== Exercise objective ==
Once the pictures are set aside, copy the data below exactly as it stands.

== Data segment ==
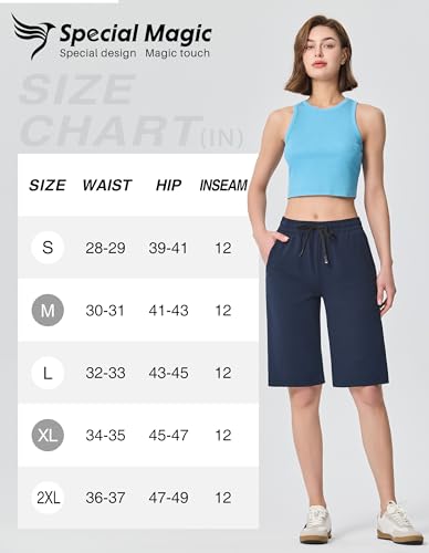 SPECIALMAGIC Bermuda Shorts for Women 12" Sweat Cotton Athletic Sports Workout Below Knee Shorts with Pockets 1
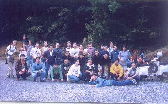 第2集合地点の地図が間違っていて、中途半端な所に集まっていた。そして、本当の場所に移動、ピンクベスパを除き、全員集合。10分後、最初のトラブル発生! 1台のベスパが突然飛び出し、信号待ちのベスパに追突、反動でベスパがウィリーしたまま暴れまわった。その場にいた人曰く、「フェラーリの跳ね馬を見たような気がした。」ときれいにまとめていた。目を閉じて思い浮かべたが、何かもっとカッコ悪いイメージしか浮かばなかった。その追突のせい?!なのか、ギヤーワイヤーが切れ、菊チャンがメンテに入った。そこで追突した人と連れの人は、ここで途中棄権した。そんなこんなしていると、ピンクベスパが追いついて来た。遅刻の原因は良く聞かなかった??が、多分寝坊!!でないと思う。
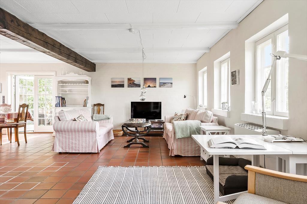 Huset er beliggende i naturskønne omgivelser for enden af en lukket vej ud mod marker. På terrassen kan både morgen- og eftermiddagssolen nydes samtidig med man kigger mod havet. Der er desuden en skøn have med frugttræer, gyngestativ og trampolin. Fra huset er der kort afstand til både skov og strand. Evt. fiskeri kan foregå fra kysten (gyldigt fisketegn påkrævet) og der er en fiskerenseplads på grunden, som med fordel kan benyttes hvis heldet har tilsmilet en.
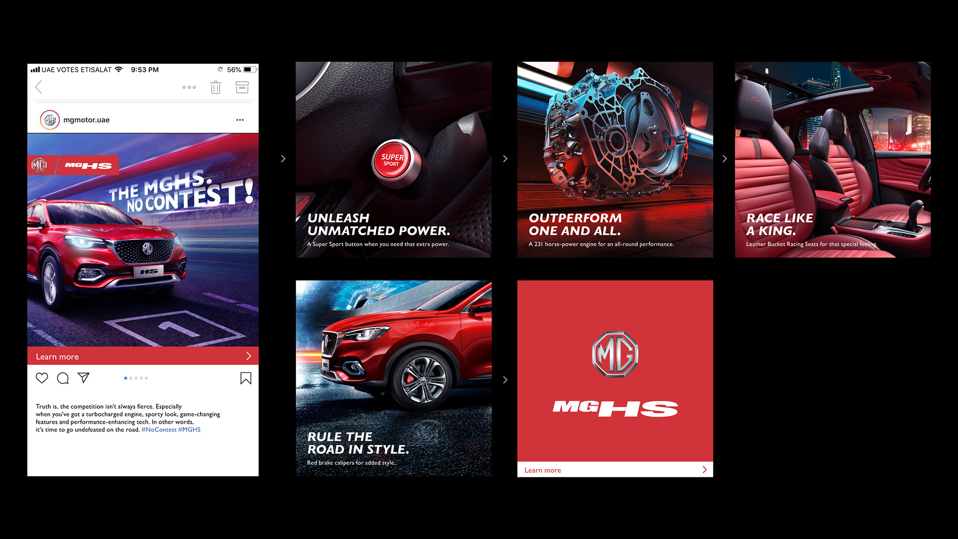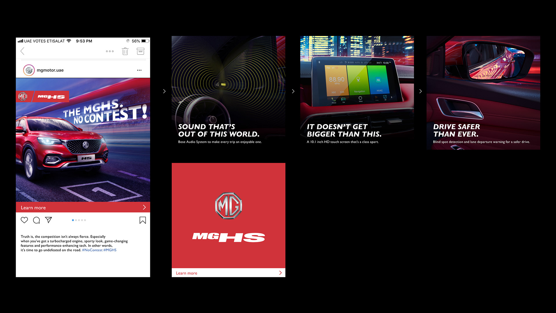 A collection of product launch campaigns for MG Motors.

== Task output ==
 SPECIALMAGIC Bermuda Shorts for Women 12" Sweat Cotton Athletic Sports Workout Below Knee Shorts with Pockets 1
 第2集合地点の地図が間違っていて、中途半端な所に集まっていた。そして、本当の場所に移動、ピンクベスパを除き、全員集合。10分後、最初のトラブル発生! 1台のベスパが突然飛び出し、信号待ちのベスパに追突、反動でベスパがウィリーしたまま暴れまわった。その場にいた人曰く、「フェラーリの跳ね馬を見たような気がした。」ときれいにまとめていた。目を閉じて思い浮かべたが、何かもっとカッコ悪いイメージしか浮かばなかった。その追突のせい?!なのか、ギヤーワイヤーが切れ、菊チャンがメンテに入った。そこで追突した人と連れの人は、ここで途中棄権した。そんなこんなしていると、ピンクベスパが追いついて来た。遅刻の原因は良く聞かなかった??が、多分寝坊!!でないと思う。
 Huset er beliggende i naturskønne omgivelser for enden af en lukket vej ud mod marker. På terrassen kan både morgen- og eftermiddagssolen nydes samtidig med man kigger mod havet. Der er desuden en skøn have med frugttræer, gyngestativ og trampolin. Fra huset er der kort afstand til både skov og strand. Evt. fiskeri kan foregå fra kysten (gyldigt fisketegn påkrævet) og der er en fiskerenseplads på grunden, som med fordel kan benyttes hvis heldet har tilsmilet en.
 A collection of product launch campaigns for MG Motors.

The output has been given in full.